This page describes the setup of mtDNA information for descendants of Unknown (Mi'kmaq) Caplan (abt.1680-) through her four daughters. We will assume, then, that you have already determined that this is your matrilineal line.
  1. Matrilineal descent from Unknown (Mi'kmaq) Caplan
  2. Full Spectrum mtDNA test kit result at FamilyTreeDNA. (Record your kit #.)
  3. An account and genealogical profile at WikiTree. (Record your WikiTree ID.)
  4. An account at mitoYDNA. (See instructions below to add your kit.)
  5. An account at GEDmatch (optional). (Record your GEDmatch ID.)

Caplan Descent

Ideally, you have already determined that your matrilineal descent can be genealogically proven to Unknown (Mi'kmaq) Caplan through one of her four daughters. (For our purposes, we assume that Francoise Olivier was a daughter of Madeleine Caplan.) If you are uncertain of your matrilineal descent, please work with others to make that determination.
Knowledge of your maternal line of descent should be recorded at FTDNA and at WikiTree. (If you need help with that, feel free to ask for help.)

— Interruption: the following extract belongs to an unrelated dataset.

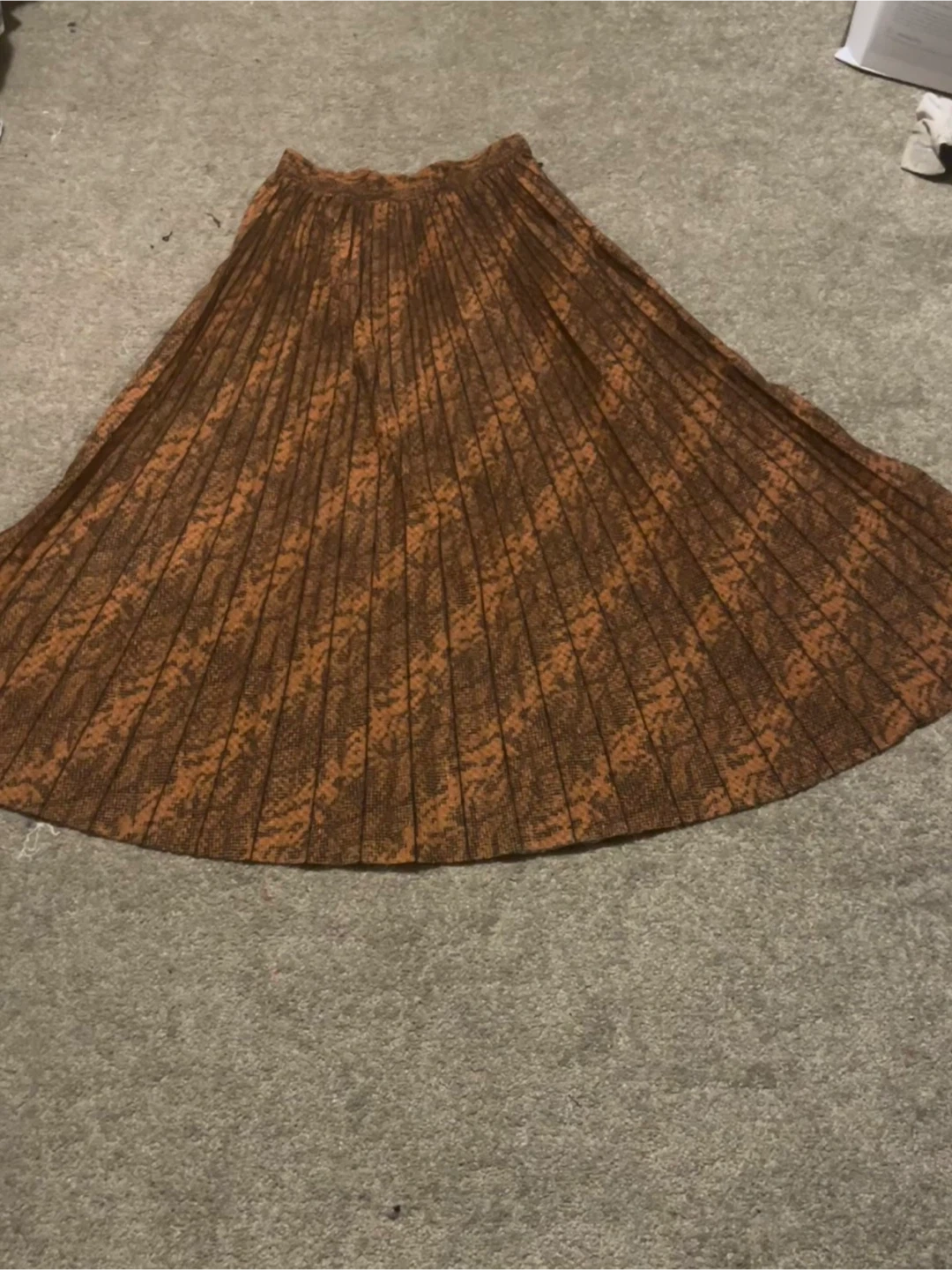 A brown pleated skirt, perfect for adding a touch of elegance to your wardrobe! The skirt has a unique pattern throughout. Great for any occasion

We will assume that you have already taken a Full Spectrum mtDNA test with FamilyTreeDNA, that the result indicates Haplogroup C1c, and that you have matches (GD=0) with more than 20 other mtDNA kits that are also reporting Haplogroup C1c and whose Earliest Known Ancestor (EKA) is Unknown (Mi'kmaq) Caplan or one of her known descendants.

Account Settings

While logged into FamilyTreeDNA, In the far right menu (Your name and kit #), you can select "Account Settings".
Under the "Genealogy" tab, you should fill in information about your "Direct Maternal Ancestor"
  • Name and birth/death date: (one of the following)
Marguerite Caplan, b. abt 1701
Catherine Caplan, b. abt 1705,
Marie Louise Caplan, b. abt 1704
Madeleine Caplan, b. abt 1708
Francoise Olivier, b. abt 1726
  • Country of Origin: Canada (First Nations)
  • Maternal Ancestral Location: Pabos, Le Rocher-Percé, Quebec
Under the "Privacy and Sharing" tab
  • Select "Opt in to Matching"
  • Set your Match Levels to "All Levels"
  • Set your Family Tree Sharing to "Opt in to Sharing"
  • Select who can view your tree to "All Family Tree Users" or "Only Matches"
Under the "Project Preferences" tab
  • Set your Group Project Profile to "Opt in to Sharing"
  • Set your Coding Region Sharing to "Opt in to Sharing"

Group Projects

We recommend that you join the following group projects:
  • Acadian Amerindian Ancestry (Admin: Marie Rundquist, Roberta Estes, et al.)
  • American Indian Project (Admin: Roberta Estes, Marie Rundquist, et al.)
  • C Haplogroup mtDNA (Admin: Roberta Estes, et al.)
  • Genealogie Quebec (Admin: Pierre Gendreau-Hétu, et al.)
  • Quebec mtDNA (Admin: Pierre Gendreau-Hétu, et al.)
Other group projects where you may discover matches:
  • Acadia-Métis Mothers (Admin: Karen Theriot-Reader)
  • Amerind Founder (Admin: Ana Oquendo Pabón)
  • French Heritage DNA (Admin: Denis Beauregard, Denis Savard, et al.)
  • Mothers of Acadia (Admin: Lucie LeBlanc Consentino, Marcelle Comeau)
  • NfldLab-mtDNA (Admin: David Pike)

Your Family Tree

Ideally, you will have a family tree at FamilyTreeDNA that includes your maternal line as far back as your Earliest Known Ancestor (EKA). (If you need help with that, feel free to ask for help.)
Privacy Concerns
For the sake of privacy, some people would prefer not to publish a family tree. There are measures that you can take to mitigate your risks. For example, some people chose to make themselves, their parents, and even their grandparents anonymous or private from public view. (If you need help with that, feel free to ask for help.)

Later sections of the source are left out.